It went on to say, “There is currently a fit between U.S. and Indian research organizations, according to scientists in both countries in that there are many highly qualified researchers in America but a relative shortage of funding and a lot of funding in India but a relative shortage of high-level researchers.”
The president is also participating in religious exercises in the country, going to Chabad of New Delhi.
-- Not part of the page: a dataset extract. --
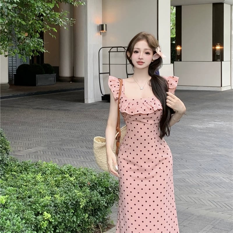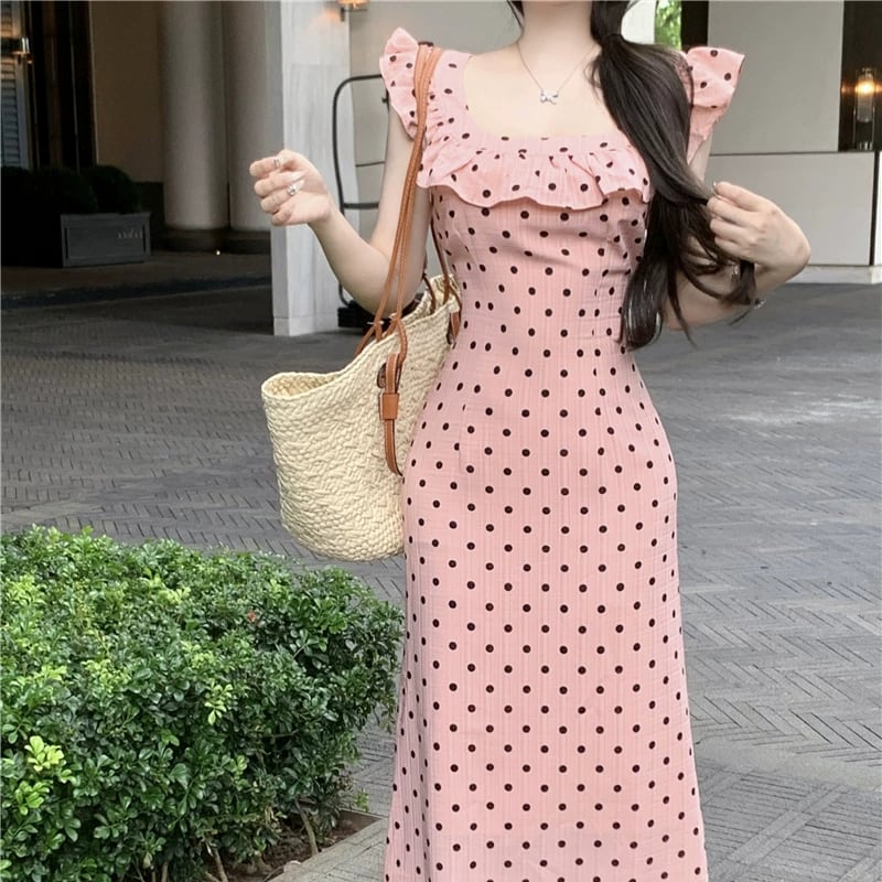【dress】ギャザーフリルドット柄ロングワンピース Q8509

He wrote about the experience on his official blog.
“Our small group comprised young and old, and people from at least three continents—for that morning, a community,” the president wrote.
In typical Brandeis form, he even met with the Israeli ambassador to India to discuss the apparently clear connection between Brandeis and the ambassador’s own home nation.
Two weeks being a long time to be away, the university has been under the supervision of President Lawrence from abroad and, according to Senior Vice President for Communications Andrew Gully, he checks in often.
In the meantime, “Brandeis never missed a beat,” he said.
“Thanks to today’s technology, the president [has been] in regular touch with his staff, the provost, other members of the administration, faculty and trustees, so it was really business as usual,” Gully explained.
The committee that reorganized the administration chain of command last year upon Lawrence’s accession to the presidency explicitly described the provost, currently Steve Goldstein, as first among equals among top brass under the president.
But “we often meet as a group, or as small groups, to work on assorted issues when the president is here or away on university business,” Gully said. “We all work on a variety of issues but all major decisions would be discussed with the president, who has the final say.”
Gully confirmed that while “the provost is the second-ranking member of the administration and in consultation with the president manages university affairs when he is away from campus,” this has not been diminished contact between the president and top members of the university while Lawrence had been in India.